My father, who could perhaps have saved me, was a spent force; drinking beers and shoveling pizza in front of the television while his duties remained undone and my time—my precious time—ran out. Dear Munchkin, Did you like the clothes I sent you? I wasn’t sure what size to buy, but your father says you’re small for your age. I hope I got it right. I do so want things to be perfect when we meet again. I can’t believe you’re going to be thirteen. It won’t be long, now, will it, darling? Your plane ticket should arrive in the next few days. Are you looking forward to your visit as much as I am? Xavier is very excited to be meeting you at last, even though he’s a bit nervous too. I expect he’s afraid of being left out, while we catch up on the last five years! Your loving mother,Sharon
It was impossible. She believed it, you see; really believed that nothing had changed, that she could pick up our life where she had left it; that I could be her Munchkin, her darling, her little dress-up doll. Worse still, my father believed it. Wanted it, encouraged it in some perverse way, as if by letting me go he might somehow alter his own course, like ballast thrown from a sinking ship.
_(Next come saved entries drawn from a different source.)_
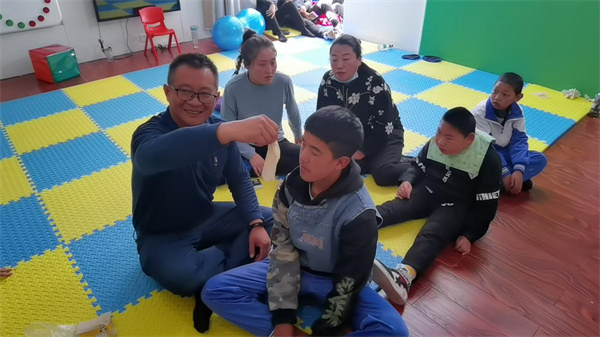Cao Longjun, an associate professor of the Tianjin University of Sport, trains a child with sports aphasia. [Photo provided to chinadaily.com.cn]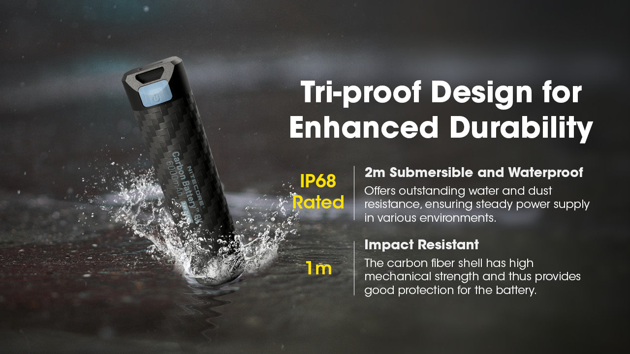 The Nitecore Carbon Battery 6K is a lightweight, portable power bank with a high capacity of 6000mAh, designed to meet all your charging needs no matter where you are. Its compact size and large battery capacity give it an energy density of 245.5 WH/kg, making it the highest density among its competitors.
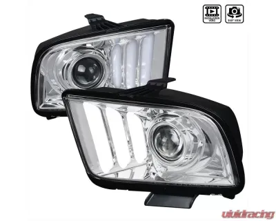Spec-D LED Bar Projector Headlights (Chrome Housing/Clear Lens) Ford Mustang 2005-2009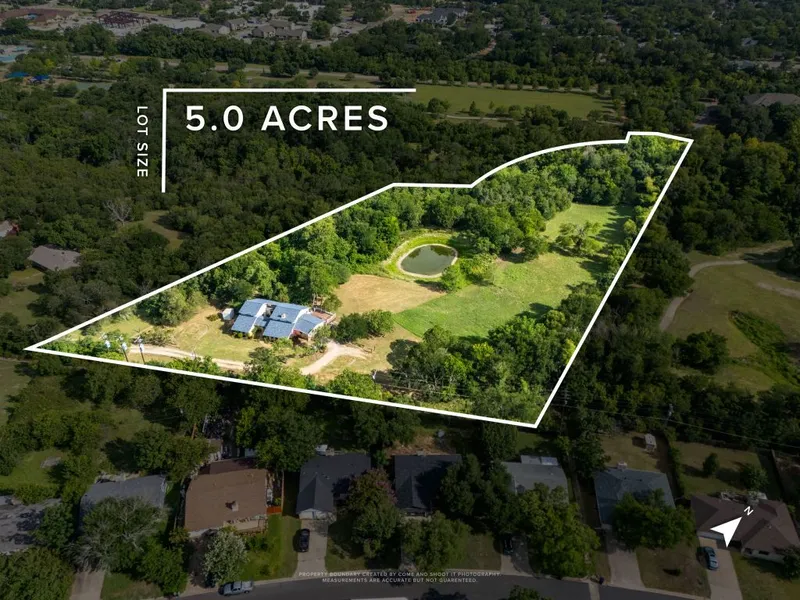 Tucked away on 5.29 private acres, this one-of-a-kind property offers the best of both worlds-peaceful seclusion and proximity to city conveniences. Bordered by a serene creek and adjacent to a city park, the land feels like your own private retreat, yet you're just a mile and a half from Dell Technologies and major Round Rock amenities. Horses allowed. At the heart of the property sits a custom mid-century modern stone home, oriented perfectly to catch the morning sun. This 1,917 sq ft residence features 3 bedrooms, 2 bathrooms, and striking architectural details throughout, including two interior atriums that bring natural light and the outdoors into the living space. The expansive back deck overlooks a tranquil pond and mature trees, creating a picture-perfect setting for relaxing or entertaining. Whether you're enjoying the view, exploring the acreage, or simply savoring the quiet, this home offers a rare blend of style, serenity, and location. A truly special property where nature, architecture, and convenience converge.

“Give it a chance.” Conciliatory now, an indulgent parent with a recalcitrant child. He had not raised his voice since the day he struck me. “Give it a chance, kid. You might even enjoy yourself.”
“I’m not going. I won’t see her.”
“I tell you. You’ll like Paris.”
“I won’t.”
“You’ll get used to it.”
“I fucking won’t. Anyway, it’s just a visit. I’m not going to live there or anything.”
Silence.
“I said it’s just a visit.”
Silence.
“Dad?”
Oh, I tried to encourage him. But something in him was broken. Aggression and violence had given way to indifference. His weight increased still further; he was careless with his keys; the lawns grew ragged with neglect; the cricket pitch, denied its daily dose of the sprinklers, grew brown and bare. His lethargy—his failure—seemed designed to ensure to remove any choice I might still have had between remaining in England and embracing the new life Sharon and Xavier had planned so carefully on my behalf.
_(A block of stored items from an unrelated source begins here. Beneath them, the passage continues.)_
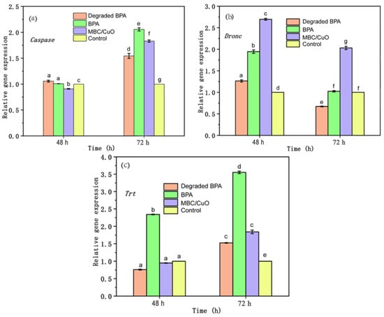 As shown in Figure 8a, the situation is similar to body mass, degraded BPA, and BPA, and MBC/CuO did not change the expression of the Caspase gene after 48 h exposure when compared to control. However, the expression of Caspase gene was enhanced by the three treatments after 72 h, which suggested that the BPA compound is a potent genotoxicant and triggers cell death. Fortunately, the cell death was reduced when the materials was added in BPA system. It seems that the use of MBC/CuO at considerable levels may have reduce the sensitivity of the genotoxicity with BPA in this study. Dronc gene expression was induced by BPA in this study and is consistent with the caspase activity test. The elevation of the Dronc gene levels was evidenced in degraded BPA and MBC/CuO treatments as compared with that in control groups after 48 h exposure. The levels of this gene in MBC/CuO treatment were about 2.8 times and 1.5 times higher than that in the control and BPA groups, respectively. Surprisingly, as shown in Figure 8b, BPA induces concentration-dependent Dronc gene response, and this effect was completely mitigated by MBC materials in the degraded BPA system, in consistency with the role in the caspase test, although the toxicity of MBC materials alone is still relatively high against nontarget organism silkworms. Another gene (Trt) related to apoptosis was also observed in the present study. As indicated in Figure 8c, BPA started to induce the gene expression of Trt after 48 h, which was 2.5 times higher than that in control groups. At the 72 h condition, the Trt levels were even increased to 3.5 times, but MBC materials inhibited the gene overexpression in the degraded BPA group, which demonstrated a blocking effect. Cell apoptosis is a natural process that allows organisms to self-protect in the event that they become exposed to potentially harmful substances. This innate ability allows organisms to eliminate potentially harmful substances and repair damaged cells. Apoptosis is a process that involves many genes in cells. One of these is the Dronc gene, which is a promoter gene associated with cell apoptosis and is dependent on the caspase pathway. Dronc is also known as the key effect in apoptotic cells [67]. The integrated enzyme reactions are triggered when active cys-teinyl aspartate specific proteinases are present. This results in the eventual disintegration of DNA that is located on chromosomes and even cells following exposure of BPA, the expression of the important apoptosis-relevant genes Dronc and Caspase increased, indicating that these genes were activated by the BPA. This was demonstrated by their overexpression in comparison to the control group. Our findings confirmed this activation (Figure 8c). Telo-merase reverse transcriptase (Trt) is more closely associated with growth than it is with apoptosis, and it was also induced by MBC materials. This was reflected by an increased expression in the treatments exposed group and a decreasing expression trend throughout the exposure time. Based on the above results, compared with the original BPA solution, the final BPA solution treated with MBC/CuO/PS system was significantly less toxic to silkworms.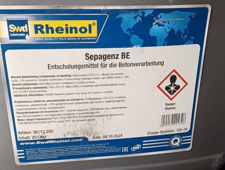 SwdRheinol SEPAGENZ BE - Масло для опалубок и заливочных форм при работе с бетоном значительно выгоднее чем Эмульсол ЭКС-М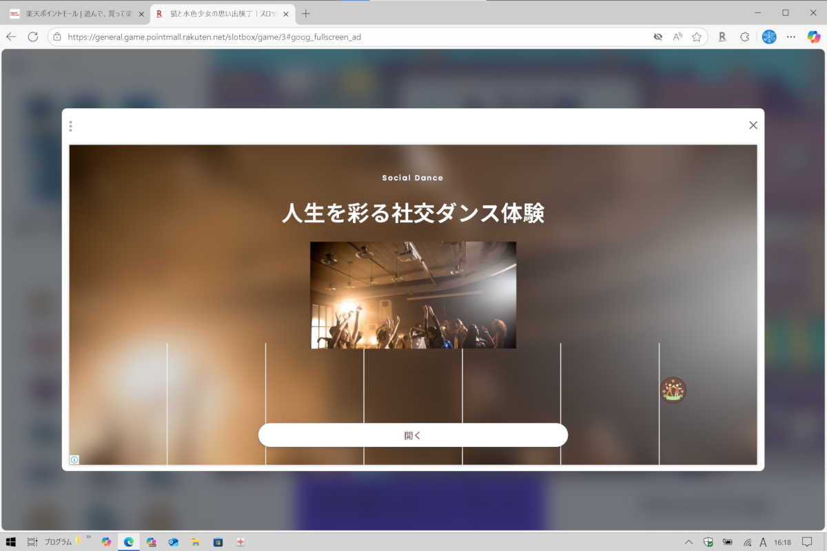 画面中央にポップアップが

And so I was torn between my loyalty to Leon and the increasing need to cover for my father. I took to watering the cricket pitch at night; I even tried to mow the lawns. But the Mean Machine had ideas of its own, and I only succeeded in scalping the grass, which made it worse than ever, whilst the cricket pitch, despite my best efforts, refused to flourish.
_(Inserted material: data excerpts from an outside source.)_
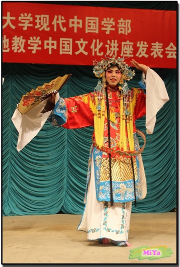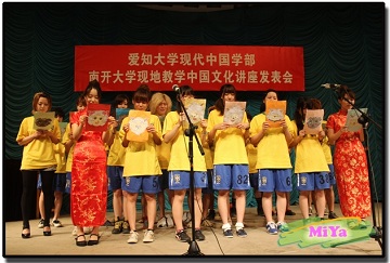 日本职工真野纱也加、小林优子、八木恒德、石黑龙介以较为流利的中文主持揭开大会的序幕。节目精彩纷呈,京剧、相声、诗朗诵和中国传统乐器演奏等不一而足。在场观众伴着《高山流水》、《百鸟朝凤》的演奏声慢慢沉醉,体会到了中华名曲的美,更为演奏者的技艺折服。京剧《小快枪》、《穆桂英挂帅》、《小放牛》、《红娘》、《打城隍》和《贵妃醉酒》的接连上场让观众们叹为观止,尤其是最后的京剧联唱更让大家大呼过瘾。诗朗诵《木梳》、《水调歌头》展示出日本职工对中华文化的了解与热爱,是现地教学成果的成功展示。由爱大E班表演的歌曲《喜羊羊》让我们看到了日本员工的活力和朝气,体现出了中日文化的交流无论从传统艺术还是当今热门的动画文化方面都十分深入。舞蹈《床前明月光》和《竹林深处》的表演不仅展示出日本职工的美妙舞姿,更体现出中华文化的博大精深与源远流长。三句半《我在中国》掀起了演出的一个高潮,贴近生活的取材、演员们丰富的面部表情和幽默搞笑的语言都使在场师生忍俊不禁,其中不仅包括日本职工在南开生活的趣事、还有中国的饮食、娱乐等方面内容。相声《五官争功》则向我们充分展示出日本职工的认真与努力。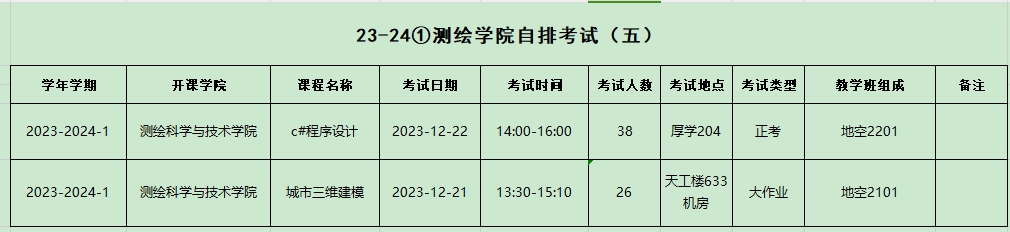 2023-2024第一学期suncitygroup太阳集团考试安排汇总表(5)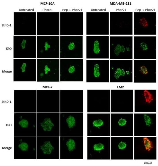 Confocal cell imaging of breast cancer spheroids treated with Pep-1-Phor21. Indicated cell lines established as spheroids (48 h) were treated with Pep-1-Phor21 or Phor21 (3 h, 30 µM) and assessed for the presence of live and dead cells using confocal fluorescent microscopy. IL-13Rα2-positive TNBC spheroids (MDA-MB-231, LM2) exhibited diffuse dead cell staining (red fluorescence, EthD-1) with the concomitant disruption of spheroid integrity after Pep-1-Phor21 treatment. Some foci of live cells (green fluorescence, Vybrant DiO) were detectable within the core of the disrupted spheroid after 3 h. In contrast, IL-13Rα2-negative MCF-10A breast epithelial and non-TNBC MCF-7 cells exhibited only viable cell staining with no observable loss of spheroid structure post-treatment.
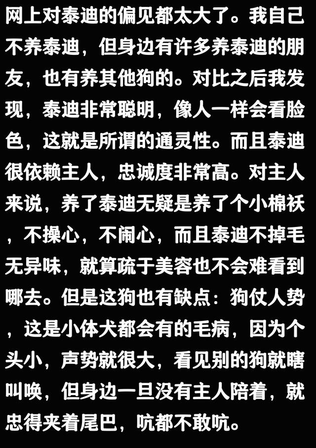 刷到是缘分,感谢大家的阅读,希望您能动动小手帮忙点赞,关注,评论。你的支持和鼓励是我前进的动力。在此祝福大家天天快乐,日日开心! r01 r体型小巧,不掉毛,据说非常可爱。然而,那可是泰日天啊。尽管我养了一只金毛,现在最讨厌的狗还是泰迪,觉得它们太恶心了。它们动不动就大声叫唤,甚至吡牙咧嘴。一出门看到泰迪,我就感到头疼。 r02 r r03 r大型犬我喜欢德牧。小型犬里我喜欢泰迪,体味小,不太脱毛,智商高,颜值高,不知道为什么会被黑这么惨 r04 r r05 r我还真没见过乱叫的泰迪,我的初衷是养只大狗,后面感觉不行,吃的多拉的多,洗澡也费钱掉毛严重体味重,流口水想想带它出门要捡狗屎,那么大的狗拉一次一把抓不完想想都上头r还是养个小体型的吧,出门好携带吃得少拉的少狗屎两张纸巾就捡了,自己在家也能给它洗澡,运动量也小,后期费用不大 r06 r r09 r泰迪狗狗真的不错,聪明知道看眼色没体味不掉毛跑起来和个小羊羔一样的,还性格活泼,黏主人,谁养谁爱 r10 r r13 r国外的动物品种,体育竞技等等,一来中还稀罕,时间不长都要泛滥成长。 r14 r r17 r每次去喂流浪猫猫条,我家泰迪再馋,都会乖乖的坐在旁边,不争不抢。它真的是个天使。 r18 r r19 r有的人说泰迪丑。说他猥琐。其实这个骑跨行为在很多狗中都有的。母狗都有这个动作。至于丑。每个人的审美不同,我个人认为泰迪的长相很可爱的。其实泰迪最大的问题就是养的人太多了。所以有坏毛病的狗狗相对数量上多一点,因为它总量太大。有些其实也是主人没有教好。养的人多也是因为它的优点多。贵宾(泰迪是贵宾的一种造型)比熊雪纳瑞绝对是最适合城市饲养的宠物。吃的少,拉的少,不掉毛没体味。体型小,没有攻击性。 r20 r r欢迎留言讨论呢感谢各位看官的阅读,祝看到这里的你天天开心,顺风顺水发大财 r别忘了点赞关注哦~我们评论区见 |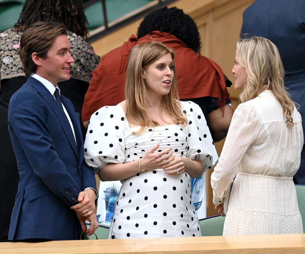 Princess Beatrice and Edoardo Mapelli Mozzi chat with Sophie, Countess of Wessex.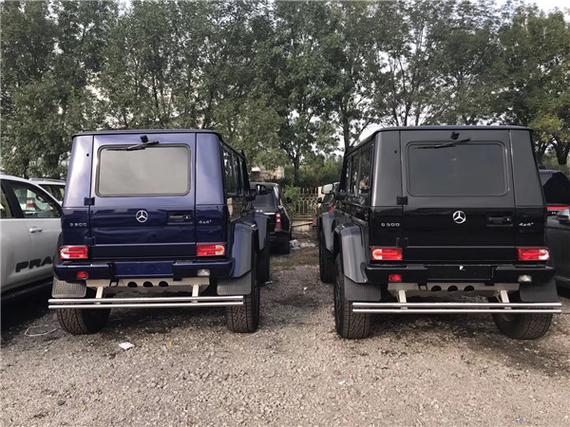 | 17款奔驰G500 4×4² | 红/黑 神秘蓝/黑 黑/黑 | 4.0T (汽油)V8发动机,7速,门式车桥,AMG包围,加高加宽的车身,氙灯,日行灯,黑色翻毛皮内顶,碳纤维内饰,前排座椅加热带通风,翻毛皮和真皮双拼座椅和方向盘,换挡拨片,座椅记忆,碳纤维轮眉,车顶碳纤维扰流板带LED上雾灯,黑色车顶,,不锈钢双车底保护,可调悬挂,22轮,前中后三把差速锁,哈曼音响,红卡钳,打孔刹车盘,小天窗, 倒影,踏板 | 425万含税 | 优惠 | 天津现车 随时提车 |

It was inevitable that sooner or later, someone would notice. One Sunday I came home from the woods to find Pat Bishop in our living room, sitting uncomfortably on one of the good chairs, and my father, on the sofa, facing him. I could almost feel the static in the air. He turned as I came in; I was about to apologize and leave at once, but the look on Bishop’s face stopped me dead. I saw guilt there—and pity, and anger—but most of all I saw profound relief. It was the look of a man willing to seize upon any diversion to get away from an unpleasant scene, and though his smile was as broad as ever and his cheeks were just as pink as he greeted me, I was not fooled for a moment.